There are some limitations of such analysis:

  • such variance alone cannot determine the total sales volume variance
  • It is suitable for highly standardized industry production with uniform processes and standard costing methods
  • Modern and technologically advanced companies need more data to evaluate the correct sales volume variances which may change rapidly
  • It may not be a suitable performance measure for a company producing Low-volume, customized, and sophisticated products.
  • This variance may lure operational management to produce more products to achieve a favorable variance
  • It may cause a conflict of roles if the performance measurement is based upon the sales quantity parameter alone, as the managers will try to manipulate the standard price and volume targets.

Conclusion

Variance analysis in general is implemented as a total quality improvement TQM approach. In a TQM approach, the management sets higher standards regularly in comparison to the market standard. So in case of Sales quantity budgets or standards, the set targets may change quickly with respect to both internal and external standards. Sales or revenue is the starting point of the income statement; hence it is one of the most important variance analyses for any company.

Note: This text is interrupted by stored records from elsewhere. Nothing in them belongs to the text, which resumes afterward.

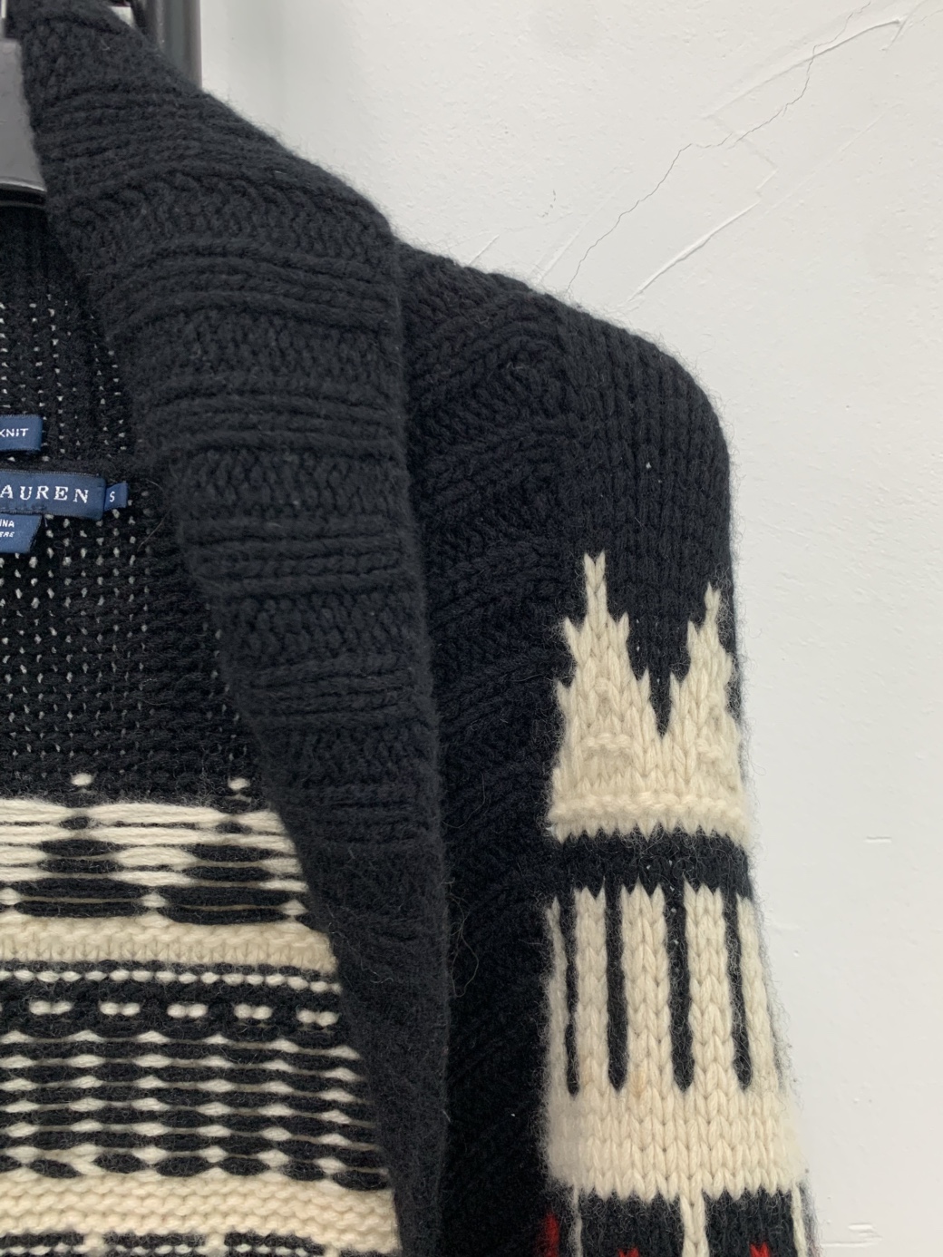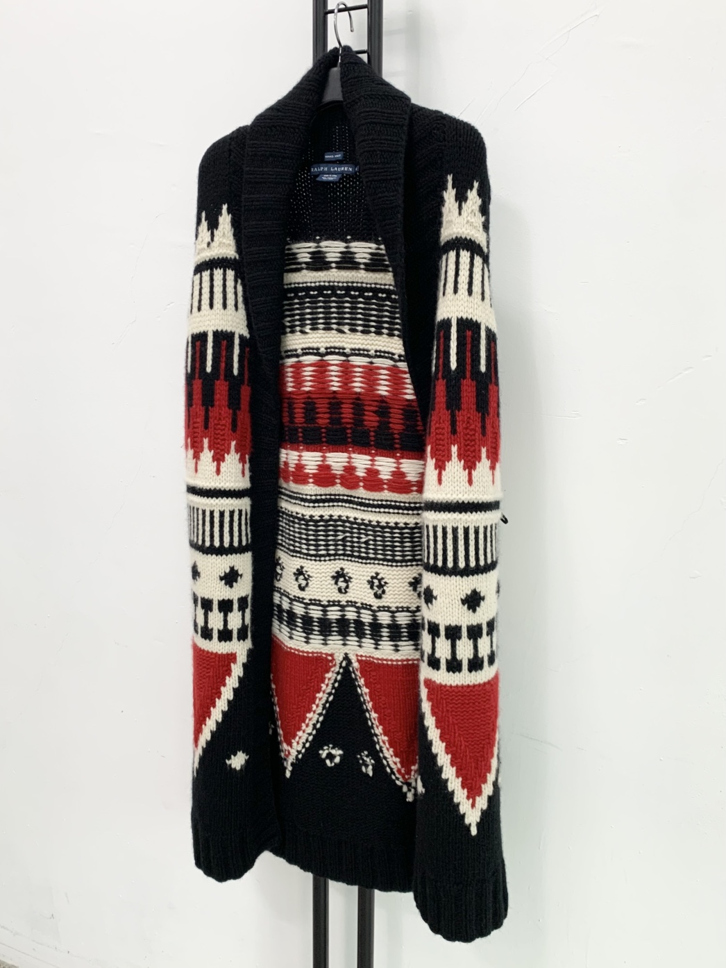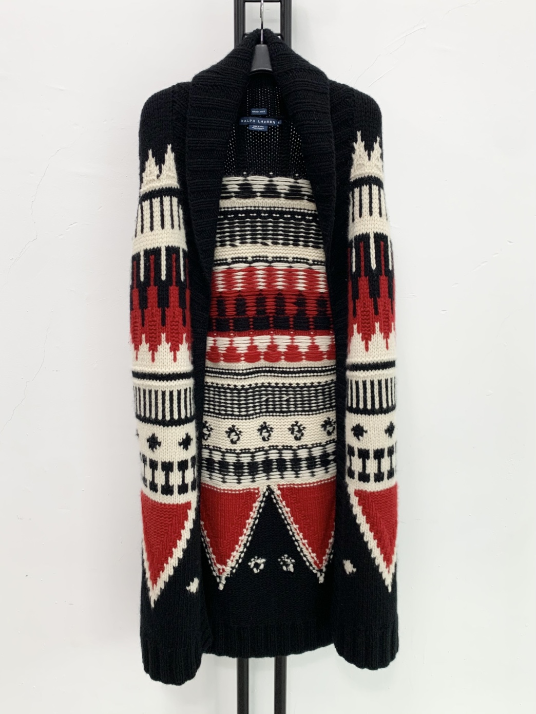 랄프로렌 블랙-레드 패턴 롱 가디건 정품 입니다.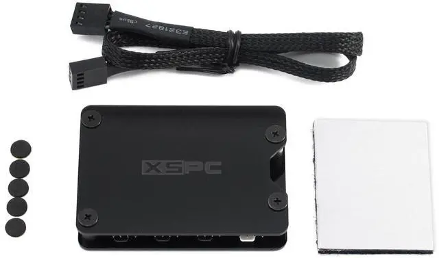 The XSPC PWM hub can power 8 fans simultaneously, while only taking up one PWM fan header on your motherboard. With a total output of 95W (~12W per channel), the hub can be expanded with Y splitter cables for additional fans (channels 2-8 only), taking the total supported fans to 15. At less than 15mm thick, the hub can be tucked away behind the motherboard tray, for neat cable management. The hub is supplied with an adhesive hook/loops pad, making it easy to mount it anywhere in your case. The hub can also be used with 3pin fans without PWM speed control, or run PWM fans at full speed by disconnecting the motherboard PWM input cable.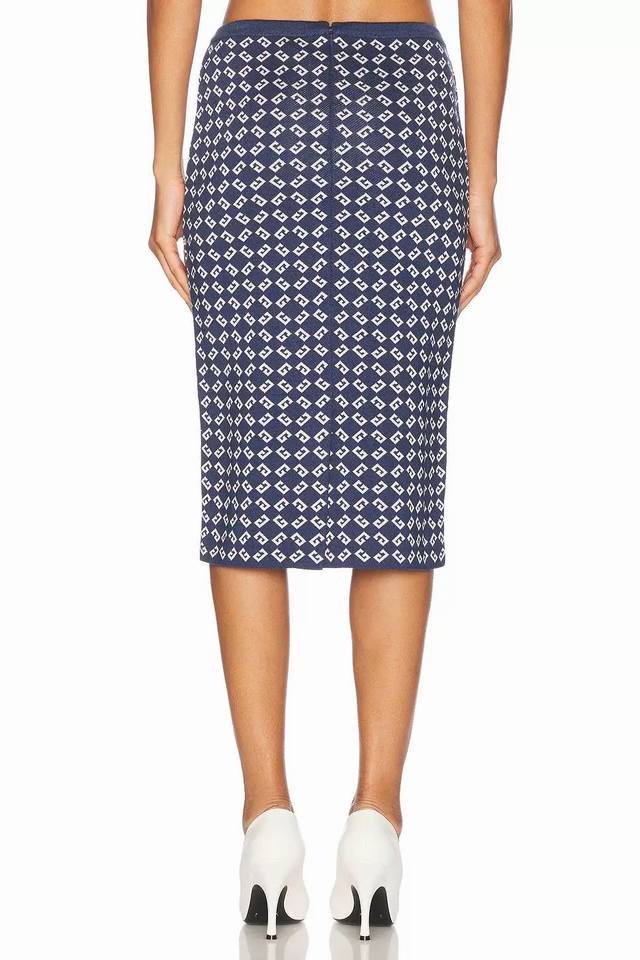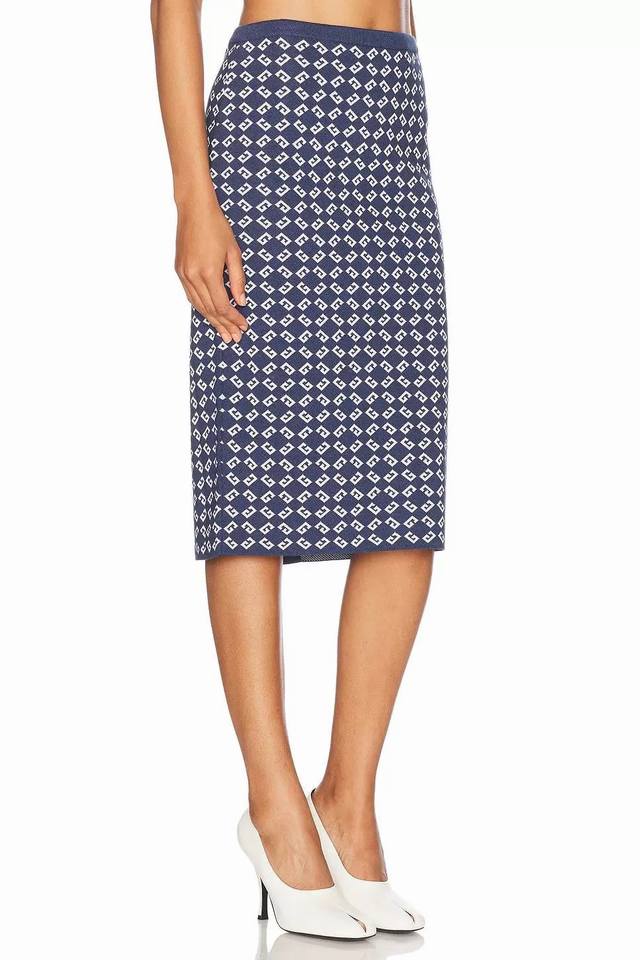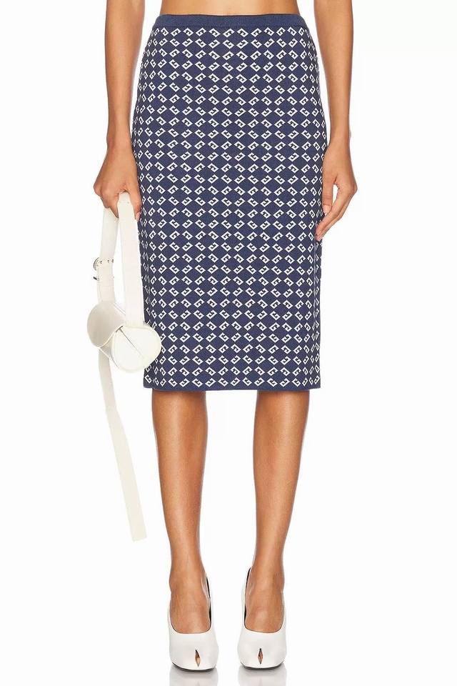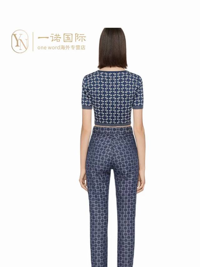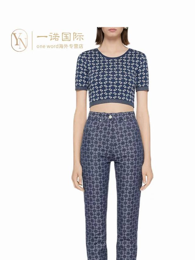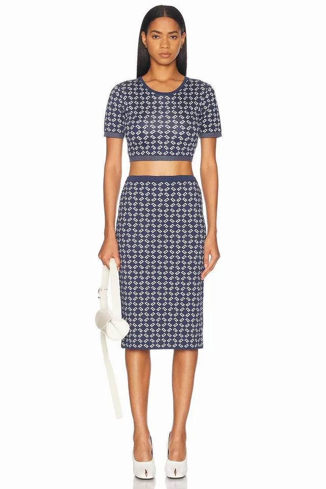 Suits, tops, and skirts from Givenchy*Y. This new, high-end, custom-made, all-over jacquard two-piece suit features a round neck, short sleeves, a cropped knit top, a high-waisted, hip-hugging midi skirt with a rear slit. Navy blue. Size M: Chest 84cm, Sleeve 25cm, Length 39cm; Waist 60cm (Stretch), Skirt 70cm (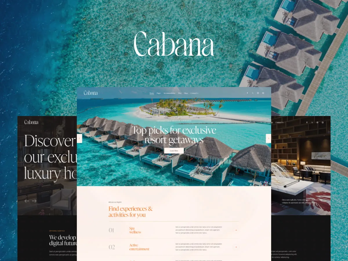 Cabana 是一款生动而阳光明媚的 WordPress 主题,专为度假村、酒店连锁、静修中心、城市海滩、海滩俱乐部、户外游泳池俱乐部、夏季度假网页或水上乐园而设计。无论您是经营水疗度假村、健康中心、旅行社还是旅游杂志,Cabana 都能满足您的需求。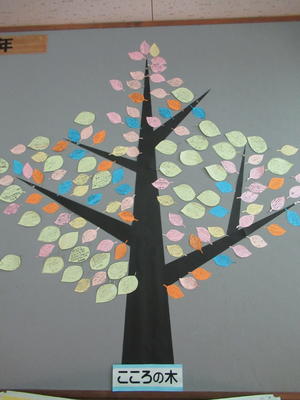 2年生教室前廊下にある「こころの木」、これまでも何度かHPに登場しましたが、2学期を迎え、更に生い茂ってきました。一枚一枚の葉には、子どもたちの様々なメッセージが書かれています。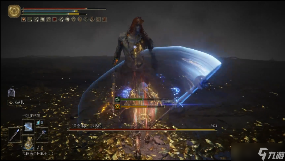 第二阶段通常以 "黄金碎击" 为始:拉达冈飞身跃起后在空中蓄力猛力下砸,产生极大范围的延迟扩散黄金冲击波。这一招的应对方法特殊,需要向拉达冈方向闪避而非远离,否则会被延迟冲击击中。

Caution should be taken when interpreting the results from such variance analysis. If the operational managers’ performance is appraised upon volume-based targets, they may forge the standards to achieve favorable variances. A sales mix and sales quantity variance in conjunction can provide a reliable starting point for budget revisions and control implementations. However, in customized production facilities and in automated production processes there is a little that management can change in regards to sales quantity variance.